= Exercise aim =
Taking the data below, please print only the lines from the line holding "勞工事務局於日前舉辦第十一屆" to the line holding "In the case", inclusive, with pictures omitted.

= Supplied records =
-- Opening Marker --

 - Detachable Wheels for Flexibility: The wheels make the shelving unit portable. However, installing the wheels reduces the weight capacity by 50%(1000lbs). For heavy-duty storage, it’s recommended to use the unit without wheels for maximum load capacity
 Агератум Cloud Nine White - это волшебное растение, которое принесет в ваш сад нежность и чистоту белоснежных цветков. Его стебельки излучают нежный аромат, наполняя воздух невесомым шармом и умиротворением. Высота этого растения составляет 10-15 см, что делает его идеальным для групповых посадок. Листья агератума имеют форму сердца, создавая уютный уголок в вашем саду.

-- Closing Marker --
-- Opening Marker --

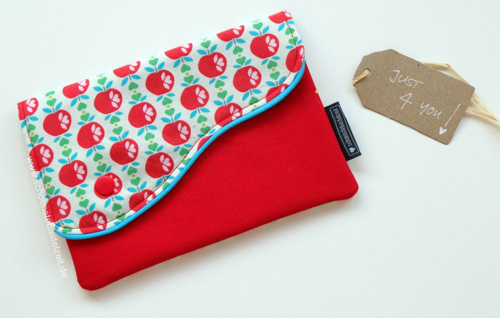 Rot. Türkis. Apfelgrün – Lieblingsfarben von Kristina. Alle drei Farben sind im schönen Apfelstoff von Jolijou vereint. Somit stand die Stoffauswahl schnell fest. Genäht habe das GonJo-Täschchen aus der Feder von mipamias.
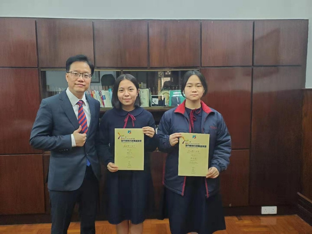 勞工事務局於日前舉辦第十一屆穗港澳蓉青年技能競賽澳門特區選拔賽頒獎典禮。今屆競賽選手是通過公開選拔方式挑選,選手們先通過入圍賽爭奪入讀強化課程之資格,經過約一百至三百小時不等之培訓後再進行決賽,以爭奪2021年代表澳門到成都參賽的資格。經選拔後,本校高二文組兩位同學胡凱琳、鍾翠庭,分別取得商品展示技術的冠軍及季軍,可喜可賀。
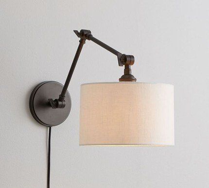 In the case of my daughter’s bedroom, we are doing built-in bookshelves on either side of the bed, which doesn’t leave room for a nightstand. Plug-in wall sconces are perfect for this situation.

-- Closing Marker --

= Answer =
 勞工事務局於日前舉辦第十一屆穗港澳蓉青年技能競賽澳門特區選拔賽頒獎典禮。今屆競賽選手是通過公開選拔方式挑選,選手們先通過入圍賽爭奪入讀強化課程之資格,經過約一百至三百小時不等之培訓後再進行決賽,以爭奪2021年代表澳門到成都參賽的資格。經選拔後,本校高二文組兩位同學胡凱琳、鍾翠庭,分別取得商品展示技術的冠軍及季軍,可喜可賀。
 In the case of my daughter’s bedroom, we are doing built-in bookshelves on either side of the bed, which doesn’t leave room for a nightstand. Plug-in wall sconces are perfect for this situation.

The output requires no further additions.